After deployment, retrieve the API URL and Cognito identifiers. Set REGION to the AWS region where you deployed the stack (for example us-east-1). Use the same value for all aws and bgagent configure commands below - a mismatch often surfaces as a confusing Cognito “app client does not exist” error.

Terminal window
REGION=<your-deployment-region>
API_URL=$(aws cloudformation describe-stacks --stack-name backgroundagent-dev \
--region "$REGION" \
--query 'Stacks[0].Outputs[?OutputKey==`ApiUrl`].OutputValue' --output text)
USER_POOL_ID=$(aws cloudformation describe-stacks --stack-name backgroundagent-dev \
--region "$REGION" \
--query 'Stacks[0].Outputs[?OutputKey==`UserPoolId`].OutputValue' --output text)
APP_CLIENT_ID=$(aws cloudformation describe-stacks --stack-name backgroundagent-dev \
--region "$REGION" \
--query 'Stacks[0].Outputs[?OutputKey==`AppClientId`].OutputValue' --output text)
Terminal window
bgagent admin invite-user teammate@example.com

This wraps Cognito admin-create-user + admin-set-user-password with the right defaults (email-verified, password set as permanent so the teammate doesn’t hit a password-change flow on first login, suppress-email so SES isn’t required) and prints a shareable config bundle plus an auto-generated strong temp password. Send the bundle + password to the teammate; they paste them into bgagent configure --from-bundle <bundle> + bgagent login --username <email> and they’re in.

The CLI command requires the running shell to have AWS credentials with cognito-idp:AdminCreateUser and cognito-idp:AdminSetUserPassword on the configured user pool — i.e. you’re acting as the stack admin, not as a Cognito-authenticated end-user.

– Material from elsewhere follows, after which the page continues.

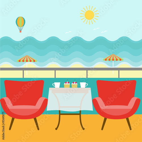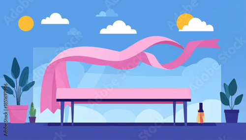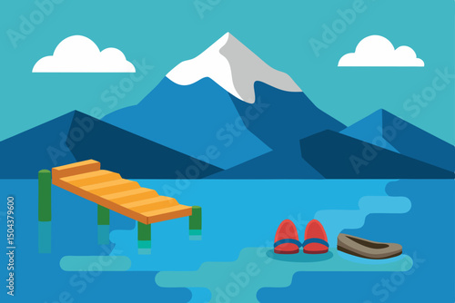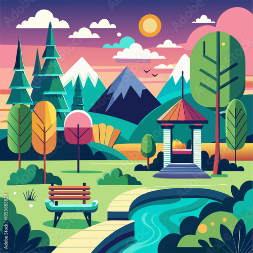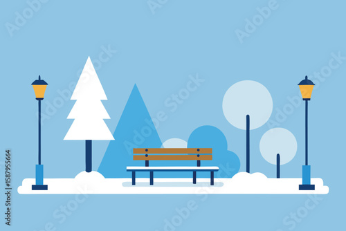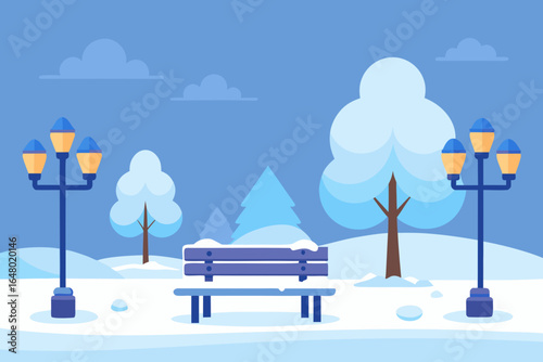 Romantic cople ice skating on a lake. Winter holiday sport activity vector concept illustration. Outdoor ice rink. Ice skating park with bench. Web site design template.

Pool constraints (enforced server-side; the CLI handles them, but useful to know if you ever need to bypass it with raw AWS CLI):

  • Username MUST be an email address. The pool is configured with email as the sign-in alias.
  • Password policy: minimum 12 characters, with at least one uppercase, lowercase, digit, and symbol.
  • email_verified=true attribute is required, otherwise the account stays in FORCE_CHANGE_PASSWORD state and initiate-auth fails with User is not confirmed.
  • --message-action SUPPRESS stops Cognito from trying to email the temp password — required unless you’ve set up SES verified identities.

If you can’t run bgagent admin invite-user (e.g., you’re scripting this from CI without the CLI installed), the underlying calls are:

Terminal window
aws cognito-idp admin-create-user \
--region "$REGION" \
--user-pool-id $USER_POOL_ID \
--username user@example.com \
--user-attributes Name=email,Value=user@example.com Name=email_verified,Value=true \
--temporary-password 'TempPass123!@' \
--message-action SUPPRESS
aws cognito-idp admin-set-user-password \
--region "$REGION" \
--user-pool-id $USER_POOL_ID \
--username user@example.com \
--password 'YourPerm@nent1Pass!' \
--permanent

The first command creates the user with a temporary password and pre-verifies the email. The second sets a permanent password so the teammate does not have to go through a password change flow on first login. After running these, hand the teammate the four config fields manually (or build the bundle: echo '{"api_url":"…","region":"…","user_pool_id":"…","client_id":"…"}' | base64).

Terminal window
TOKEN=$(aws cognito-idp initiate-auth \
--region "$REGION" \
--client-id $APP_CLIENT_ID \
--auth-flow USER_PASSWORD_AUTH \
--auth-parameters USERNAME=user@example.com,PASSWORD='YourPerm@nent1Pass!' \
--query 'AuthenticationResult.IdToken' --output text)

Use this token in the Authorization header for all API requests.